Dan recognizes Lon Haggert, the hired killer, when he rides in and stops at the Blue Bonnet. Dan warns him to be out of town by midnight.
Dan has Johnny watch the saloon from across the street. He doesn't know who the killer is after, but he bodes trouble for someone in Laramie. As Dan does his evening check of the town, he joins Johnny at his post. The killer hasn't come out, but Johnny can no longer see him from the window. As Dan continues checking the town, the killer comes out of the shadows. Johnny shouts a warning and shoots the man with his rifle.
They lock up the wounded killer but he won't tell who hired him. A little later when Dan releases a man locked up to sleep off a drunk, the man is shot as he walks out the office door. The shot came from either the hotel or the Blue Bonnett saloon and was clearly meant for Dan. They're unable to find the shooter. There's no one registered in the hotel room facing the office but the window is open.
Dan and Johnny are on edge. Dan is driven to threats against Haggert and Johnny almost shoots the office cat after he steps on it. Dan confronts the three ringleaders but gets no answers. Dru Lemp gives Dan coffee and an impassioned speech about how his curfew has saved the lives of decent people who were the victims of the fights and killings prior to the curfew. When Dan does the 10 pm curfew round the next night, he has Johnny tail him about half a block back.
Dan hears the pump of a shotgun from across the street. He does a dive and roll of the kind usually reserved for his deputy. The shooter is the saloon owner who drew the short straw.

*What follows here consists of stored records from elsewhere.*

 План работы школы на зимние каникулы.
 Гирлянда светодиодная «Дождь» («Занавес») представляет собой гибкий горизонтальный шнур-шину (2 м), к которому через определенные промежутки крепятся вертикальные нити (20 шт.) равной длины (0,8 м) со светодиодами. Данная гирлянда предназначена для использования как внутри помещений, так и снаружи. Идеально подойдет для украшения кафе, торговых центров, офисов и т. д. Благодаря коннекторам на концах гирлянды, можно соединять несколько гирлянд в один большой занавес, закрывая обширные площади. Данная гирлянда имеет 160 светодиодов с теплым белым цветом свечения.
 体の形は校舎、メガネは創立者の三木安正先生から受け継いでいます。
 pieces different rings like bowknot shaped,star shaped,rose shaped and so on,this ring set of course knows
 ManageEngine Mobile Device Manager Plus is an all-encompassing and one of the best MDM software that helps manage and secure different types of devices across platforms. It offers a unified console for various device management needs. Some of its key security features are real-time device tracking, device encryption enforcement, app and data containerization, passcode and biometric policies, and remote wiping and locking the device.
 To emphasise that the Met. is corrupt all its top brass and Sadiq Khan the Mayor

The other two ringleaders are later picked up as the flee to Cheyenne. Johnny comments its going to be nice to be able to walk around town completely relaxed. But he catches himself at Dan's look. He reckons how a lawman can never be completely relaxed.

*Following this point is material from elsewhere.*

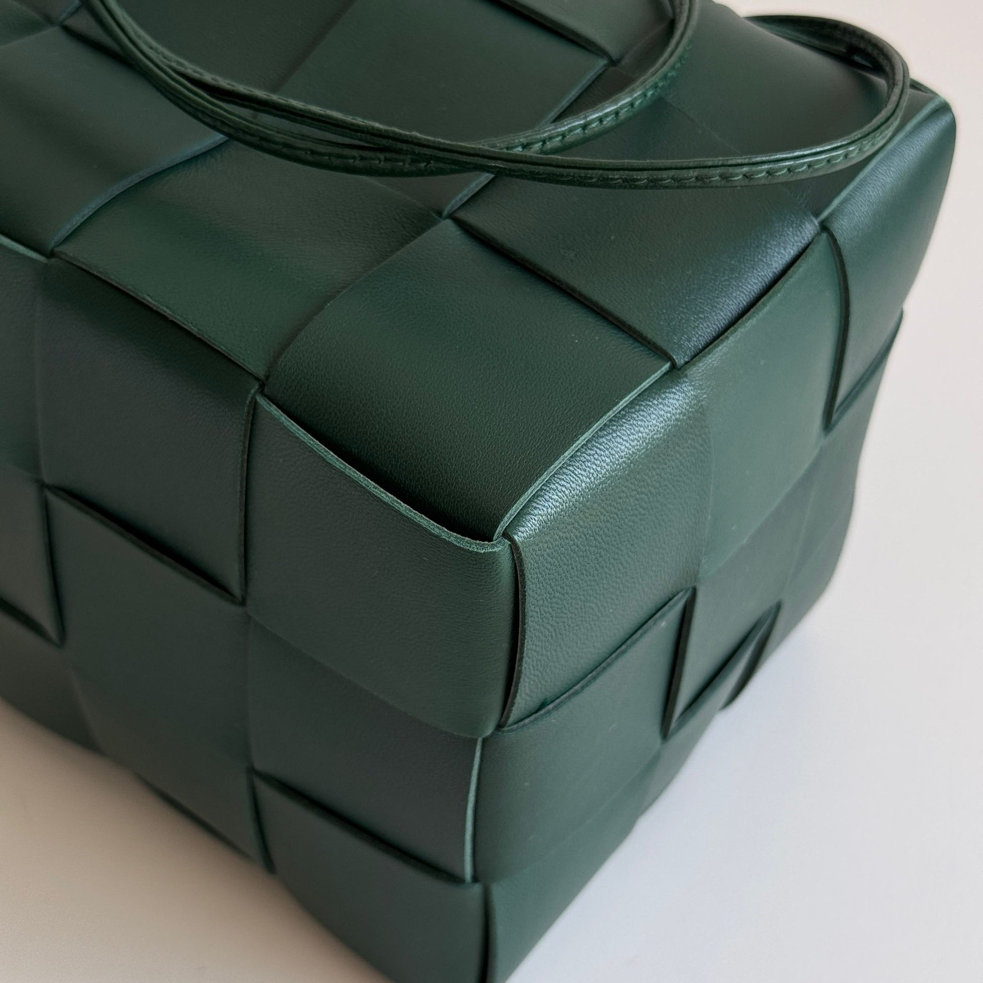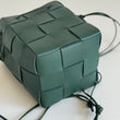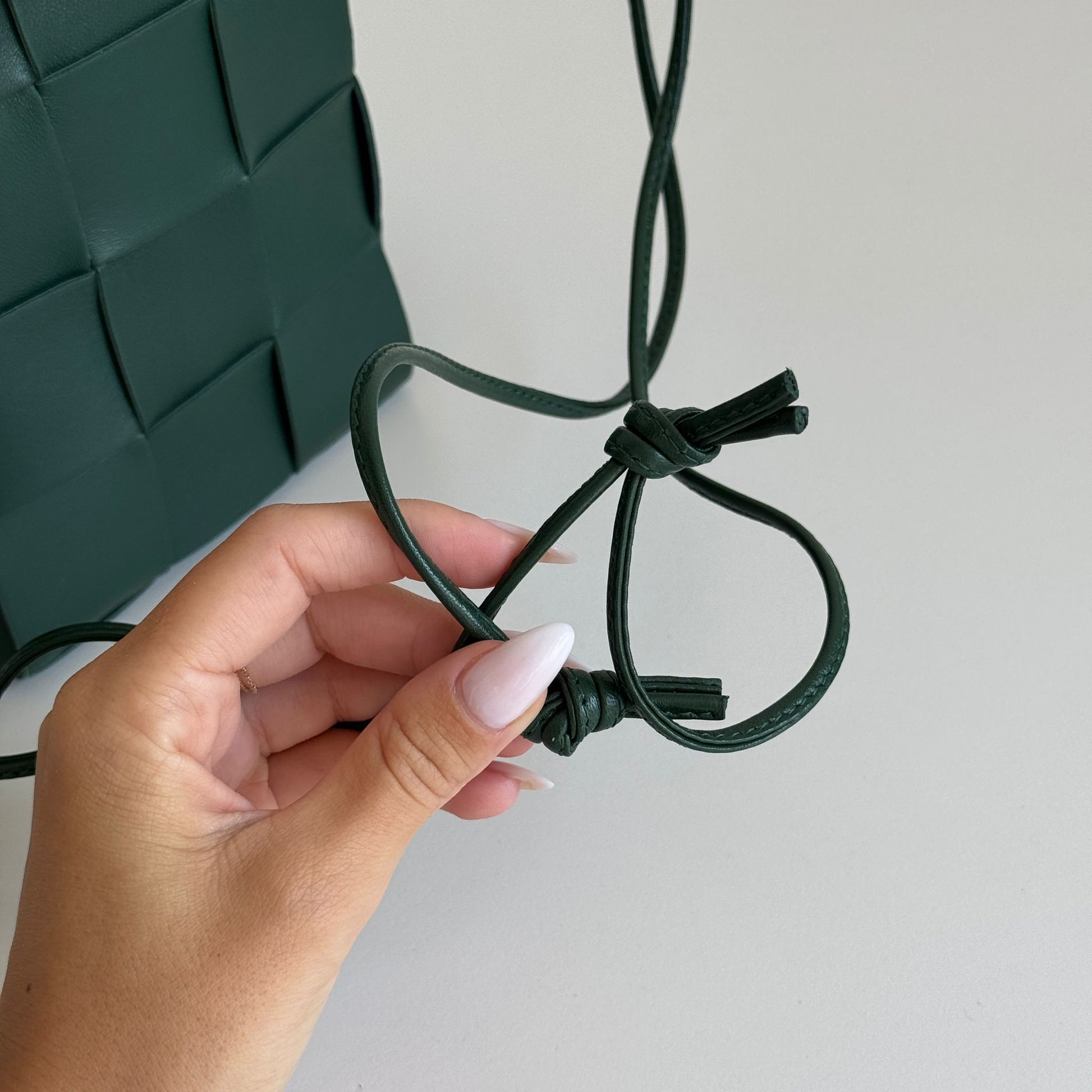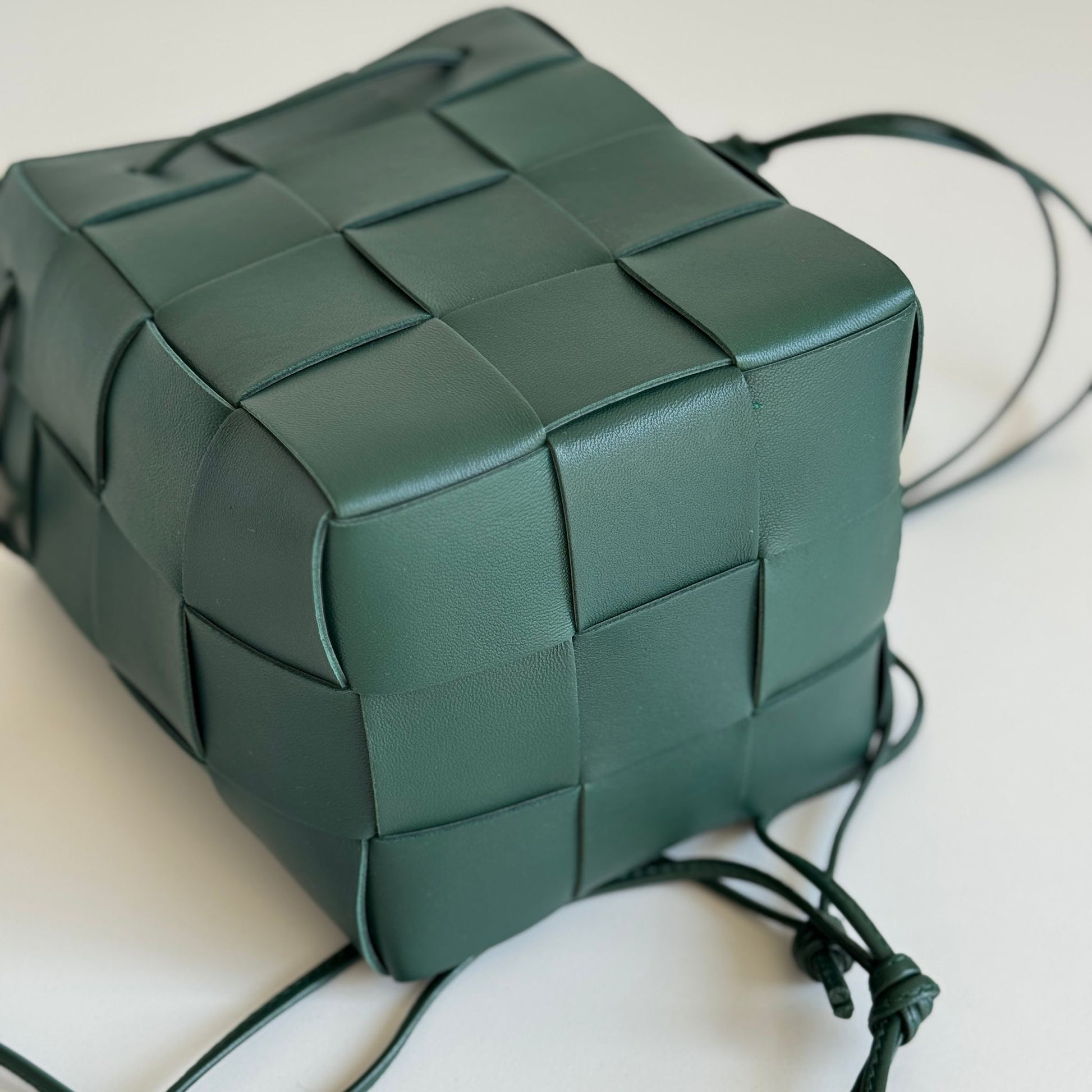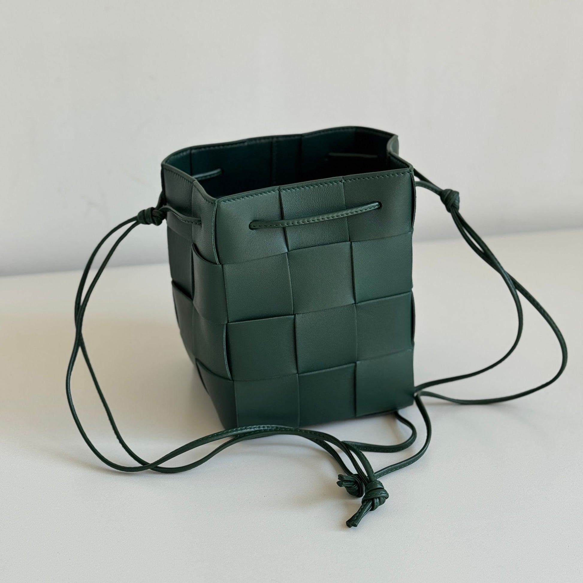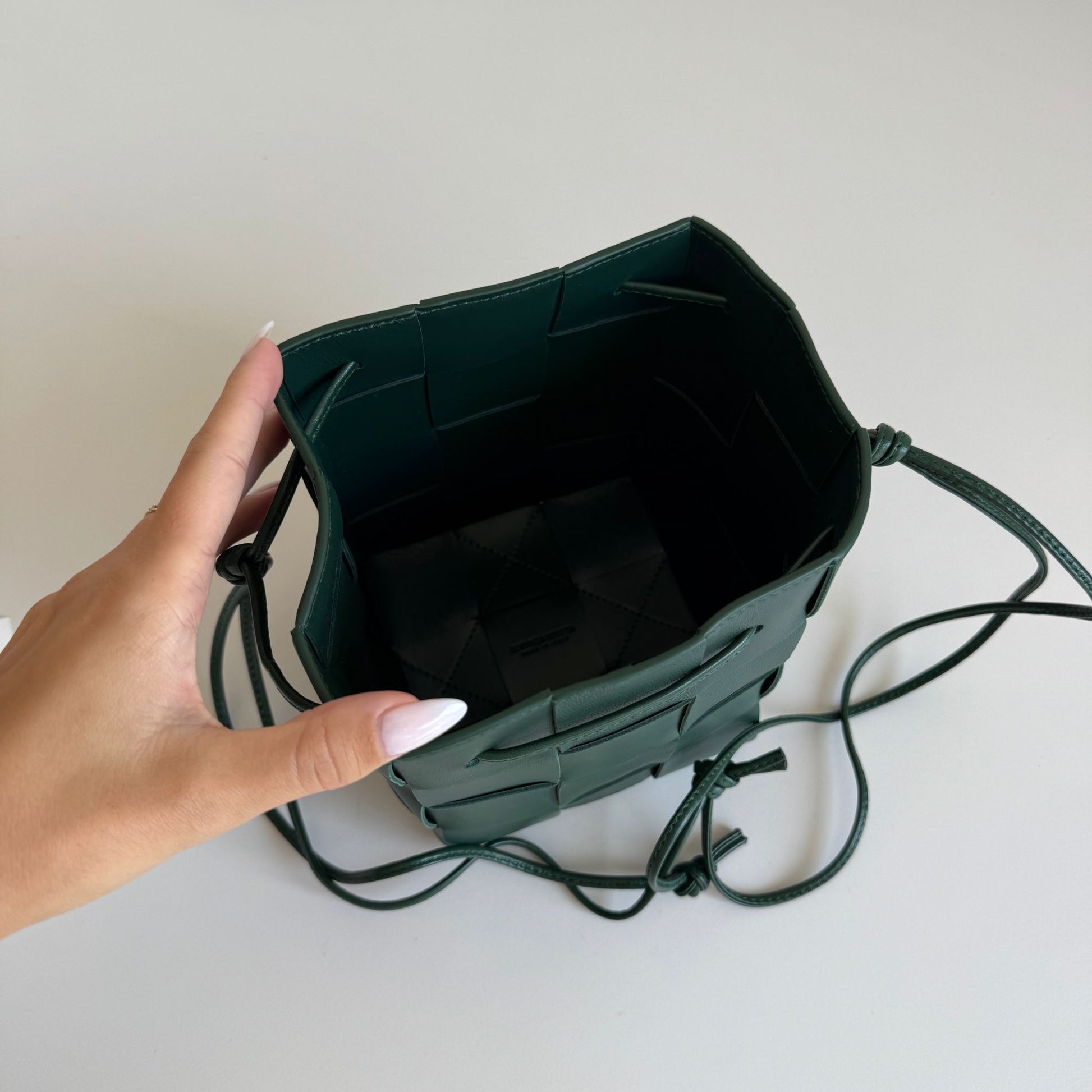 Bellissima borsa di Bottega Veneta modello Bucket in morbida pelle verde bosco intrecciata. Si indossa a spalla e a tracolla. La tracolla non è rimovibile e regolabile.

NiteOwl Review: This is a nice tightly written, spare episode. No important revelations or interactions between the characters, but it does give us another look at the thankless job of guarding "the decent" people. Johnny is a fully capable deputy in this one.
Dan meets with the lawyer
for the saloonkeepers
and tells him to get out of town
Dan tells Johnny to watch the saloon
The hotel room was unoccupied
Dan raises a skeptical eye
Original air date Dec 14, 1958
Directed by Stuart Heisler
Written by Clair Huffaker
John Russell as Dan Troop
Peter Brown as Johnny McKay
Bek Nelson as Dru Lemp
Jack Lambert as Lon Haggertt
Ted DiGorsia as Jess Crowthers
John Hubbard as Jake Biddle
Charles Fredricks as Orin Smith
David Alpert as Lester White
Tom McKee as Joe Heslip
Our Favorite Scene: The one where Johnny spots the killer and saves Dan from being gunned down. Although we like Dan as mentor, we also like to see Johnny acting with the confidence Dan has placed in him when it's called for.